California Needs a Politics Rooted in 2012, Not 1978

DOWELL MYERS, demographer and planning professor, Price School of Public Policy.

This op-ed originally appeared in the Los Angeles Times.

At the root of California’s dysfunctional politics lie some old ideas about who we are as a state. Demographics have been more volatile here than in other states, and many Californians older than 55, who make up roughly 46% of state voters, don’t want to pay for changes they never welcomed. The tragedy is that they are battling problems that have largely dissipated. The outlook for California going forward from 2012 is very different from what it was two decades ago.

Take population growth. The 1980s brought an unprecedented growth spurt for the state, with population increasing by some 6.1 million people. This far exceeded the population growth of 3.7 million people in the 1970s and 4.3 million in the 1960s.
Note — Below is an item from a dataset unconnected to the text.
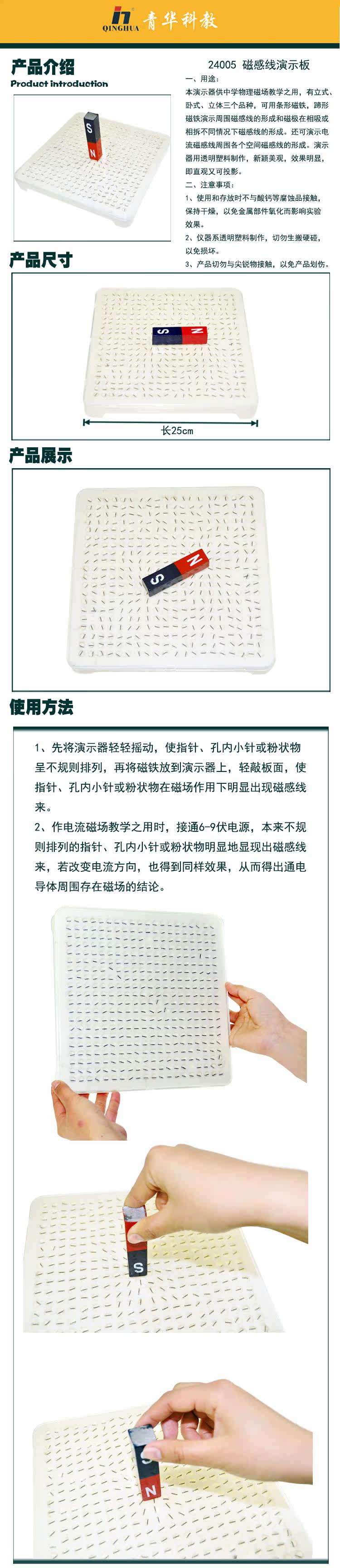 本演示器供中学物理磁场教学之用,有立式、卧式、立体五个品种,可用条形磁铁,蹄形磁铁演示周围磁感线的形成和磁在相吸或相斥不同情况下磁感线的形成。还可演示电流磁场周围各个空间磁感线的形成。本演示器用有机玻璃制作,新颖美观,效果明显,既直观又可投影。

The Californians who were already here resented all those newcomers, who added to traffic congestion, fueled overdevelopment and strained government budgets. Many longtime residents were particularly aggrieved that so many of the new arrivals were immigrants. Indeed, by 1990 21.7% of California residents were immigrants, up from just 8.6% in 1970.

The perception that migration was swamping the state roiled California politics. It reinforced the ethic of Proposition 13 — make newcomers pay, and give the old-timers a break. It fueled passage, in 1994, of Proposition 187. Its message: Established residents shouldn’t be asked to pay for public services used by unwelcome and illegal newcomers.

But what Californians didn’t seem to realize was that the rapid growth spurt was just that: a spurt. In the decades since the 1980s, population growth has again fallen below 4.2 million per decade.

Still, the old narrative of a “lost” California continues to animate state politics, most notably in fueling the anti-tax fervor of older white voters. It also shapes public attitudes about which government programs should be cut in tough economic times.

To craft a public policy that addresses the state’s current challenges instead of past issues, Californians need to understand the new realities of where the state is headed.

The 1990s recession triggered a shift in migration patterns that has continued. The rapid population growth of the 1980s included a net in-migration of 3.3 million. But during the 1990s, in-migration shrank to about 893,000, and it further withered to about 235,000 in the 2000s. Total growth slowed from its high point in the 1980s, coming in about one-third smaller every decade since.

The bulk of the population growth since then has been largely from births in the state, and these native-born sons and daughters are likely to stay rooted here. Births accounted for 81% of growth in the 1990s and a whopping 93% in the 2000s. For the first time in history, California-born residents constitute a majority of the state’s total population, at 53.8% in 2010.

Native Californians are now the state’s only majority because every racial group has been a minority in California since 1999. This means responsibility for the future will continue to be broadly shared.

What does this mean? For one thing, that race and ethnicity are far less important issues. Instead, we face major generational challenges. The first is that California may not have enough children to sustain workforce levels. In the last decade, the number of children under age 10 dropped by 176,000. The state Department of Finance projects a decrease of an additional 101,000 this decade. The decline will lighten demands on schools, but it also could haunt us in future years.

The state’s gravest problem is that the giant baby boom generation has finally arrived on the threshold of retirement. Never before has California (or the United States) been so top-heavy with seniors. What’s crucial for the state’s well-being is the ratio between the number of seniors (65 and older) and the number of prime working-age residents who will support them. That relation, known as the “senior ratio,” is not good in California.

After four decades of remaining nearly flat at about 20 seniors per 100 working-age residents, the ratio will climb to 28 in 2020, then to 36 a decade later. Because seniors consume public entitlements and pay less in taxes, that two-thirds increase in the senior ratio means stress on governments and taxpayers as never before. An elevated senior ratio also means a housing market top-heavy with sellers looking to downsize or move for retirement or health reasons.

Who will we be looking to in the next decade to shore up California’s housing market, workforce and tax base? They will overwhelmingly be the children of immigrants now in our schools. These kids will account for 98% of the growth in the state’s working-age population through 2030, according to new generational projections I developed with my colleague John Pitkin.

With this in mind, perhaps we can recognize and avoid the path to self-defeat. Continual slashing of K-12 and higher-education budgets will not produce an educated workforce capable of paying top dollar for houses and supporting government with their taxes.

To avoid that failure, California needs a politics rooted in 2012, not in 1978 or 1994. The prime purpose of this politics should be redirecting the state’s resources to a new priority: nourishing and developing the generation that will carry the load of an aging California. Older and younger generations both will benefit.